I DON’T KNOW many details of his life. Now I want them. He grew up in a town on the Prairies. He doesn’t keep in touch with his parents or talk about them. When he was drunk once, he mentioned a brother in Toronto who plays in a symphony orchestra.
My construction is there was some wound to his confidence early on, some grievous wound, and Bill cleared out to the north like a lot of people and took up driving heavy machines, where he acquired a reputation and some pride. I wish I’d asked him about the road-building life, the lore of the heavy equipment operator. I’d like to know. In the cities, I imagine the crews aren’t close; everybody disperses at night and goes home. But in the Yukon, or the top of B.C., where they build in wilderness, ploughing up rock and stumps in pristine timberland, crews camp together for weeks. There must be a culture, standards of excellence—how steep a pile
of earth you can coax the tractor up without stalling, how small an axis you can whirl a hundred-tonne machine on. Is it like Harley-Davidson rallies? Or more like combat, breaking jungle trail with tanks? I bet he was good.

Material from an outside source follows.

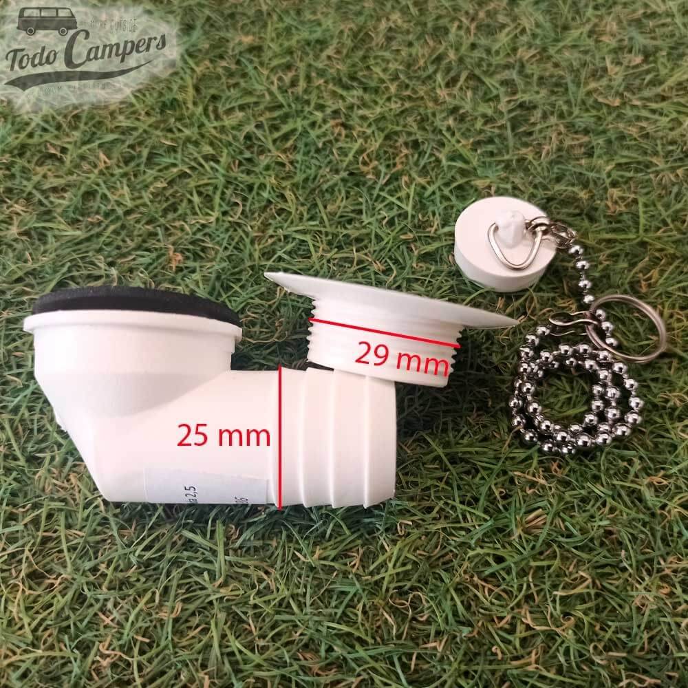Desagüe en codo - Salida 25 mm, Tipo B - con tapón de agua a un lado y cadena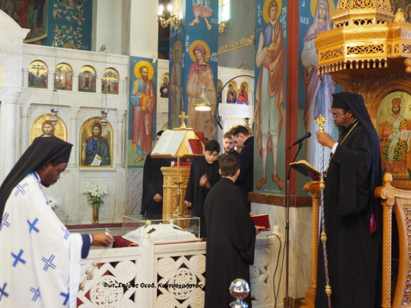 Προ της απολύσεως της Θείας Λειτουργίας, ο Σεβασμιώτος ευχαρίστησε τους Έλληνες, για την στήριξη στο έργο της Ιεραποστολής στην Αφρική και τον επιχώριο Μητροπολίτη Μεσογαίας και Λαυρεωτικής κ. Νικόλαο, για την συμπαράσταση του στο έργο της Ιεράς Μητροπόλεως Κανάγκα.

By the time I ran into him, the family briar patch had caught up with him or his luck had run out. He’s in trouble. Sober, he has a knack for knowing what a person needs. He reads it and pulls it out of himself for you. People like to be around him, admire him—I saw that—though he never shows off, never wants to be the star. He’s like a prizefighter, retired; not bitter, just not finding anything else to use up his time.
Drunk, he is dangerous.
He hustled me into the pickup the other night. It already feels so lost to me, so long gone. He was dead drunk, and put the pedal on the boards to catch the last of the sunset out on the highway, sliding in the gravel and coming to a stop so hard that I bounced into the windshield. Another time, leading some late-arriving Germans to a campsite in the dark, three sheets to the wind, he began goose-stepping and croaking the German national anthem. I watched him spend all afternoon cutting up a metal shopping cart into ragged campfire grills he threw away next day. He took out an old canoe and overturned it, spraining his ankle and leaving the boat to get lost downstream.
He let himself be robbed.
There was a kid in camp, a spooked, wild kid, who hung around the office. Bill let him stay for free in return for some chores the kid mostly didn’t do. Bill lent him the keys three nights ago to get into the storeroom and didn’t reclaim them before we went to bed. Before light, Bill went out to drive somebody to the airport. I was sleeping in Bill’s cubby with him by then, and a few minutes after he left I heard a crash and scuffling in the office. I went naked to the doorway and saw the kid coming through the window. I stood there while he dropped to the floor, mumbled that he’d forgotten something, grabbed the cash box and ran out the door. I wrapped a caftan around me and went after him. A motorcycle roared up at the end of the road, and I saw the kid on the back of the bike behind another man, moving off, the box up under his arm. The door of the pop machine stood open, the coins gone, the keys hanging in the lock.